**Directions for this task:** For every line below, output the text exactly and leave out images.

**Dataset section:**
★ ★ ★ ★

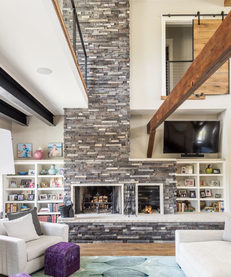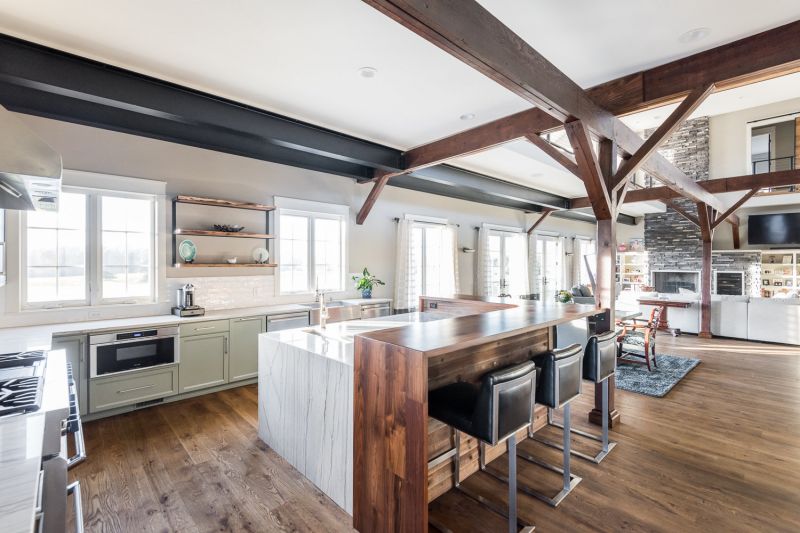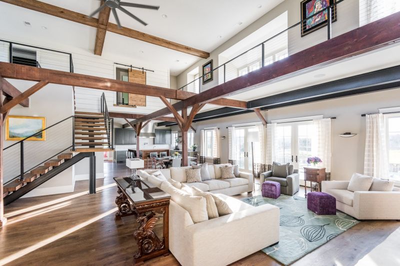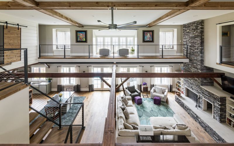 The Barn at Walnut Hill is the adaptive re-use of a historic barn by 2 architects who saved it from demolition & turned it into their family home.While maintaining the Dutch Gambrel style on the exterior, on the interior their goal was to have a warm and inviting home that preserved the striking structural components and highlight the impressive volume of the barn’s interior. Sustainability was a primary goal, achieved with solar panels w/ storage batteries, mineral wool insulation, motorized blinds to control solar gain and nearly all systems in the home are automated for energy efficiency
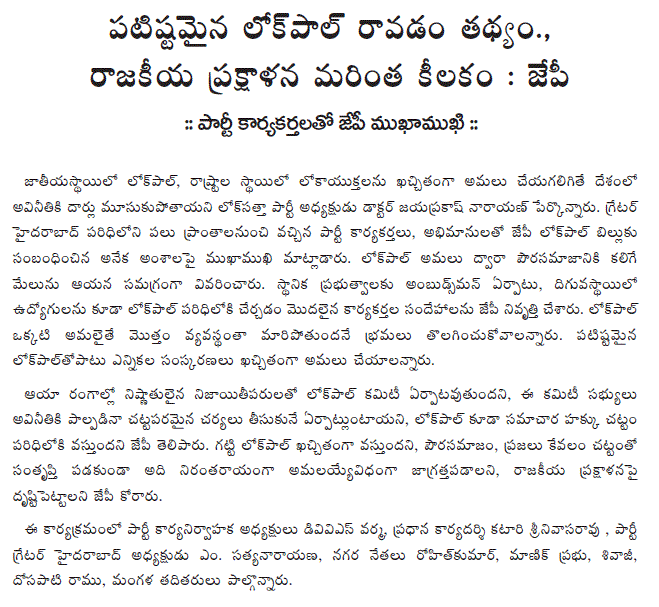 In a media statement issued here today, Mr. Varma pointed out that the Lok Satta has been fighting for the creation of an effective, strong, and independent Lokpal. It conducted two round table conferences in New Delhi and Hyderabad on the Lokpal Bill, brought about a consensus on most provisions, and communicated them to all political leaders in the form of amendments to the Union Government’s Bill.
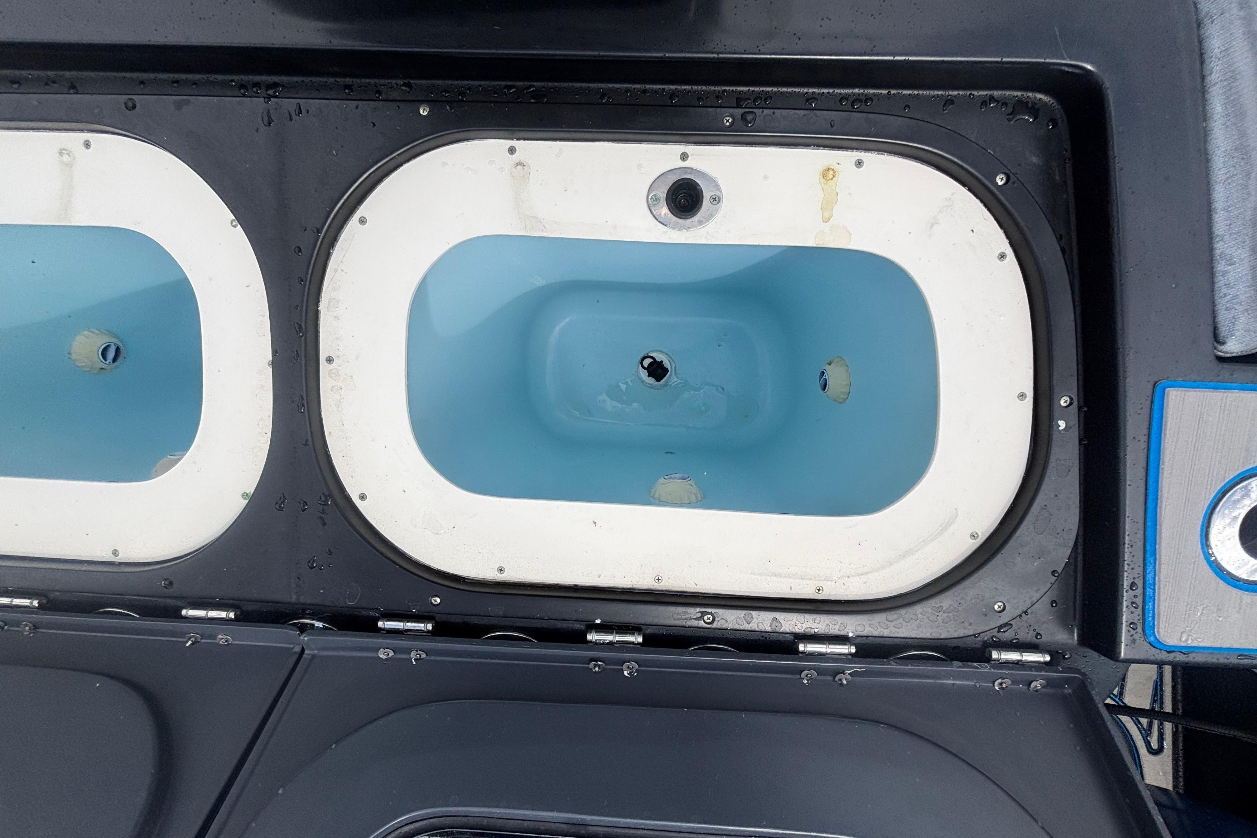 Dual 45-gallon transom live wells with clear acrylic HydraSports-branded lids

★ ★ ★ ★

**Exercise output:**
 The Barn at Walnut Hill is the adaptive re-use of a historic barn by 2 architects who saved it from demolition & turned it into their family home.While maintaining the Dutch Gambrel style on the exterior, on the interior their goal was to have a warm and inviting home that preserved the striking structural components and highlight the impressive volume of the barn’s interior. Sustainability was a primary goal, achieved with solar panels w/ storage batteries, mineral wool insulation, motorized blinds to control solar gain and nearly all systems in the home are automated for energy efficiency
 In a media statement issued here today, Mr. Varma pointed out that the Lok Satta has been fighting for the creation of an effective, strong, and independent Lokpal. It conducted two round table conferences in New Delhi and Hyderabad on the Lokpal Bill, brought about a consensus on most provisions, and communicated them to all political leaders in the form of amendments to the Union Government’s Bill.
 Dual 45-gallon transom live wells with clear acrylic HydraSports-branded lids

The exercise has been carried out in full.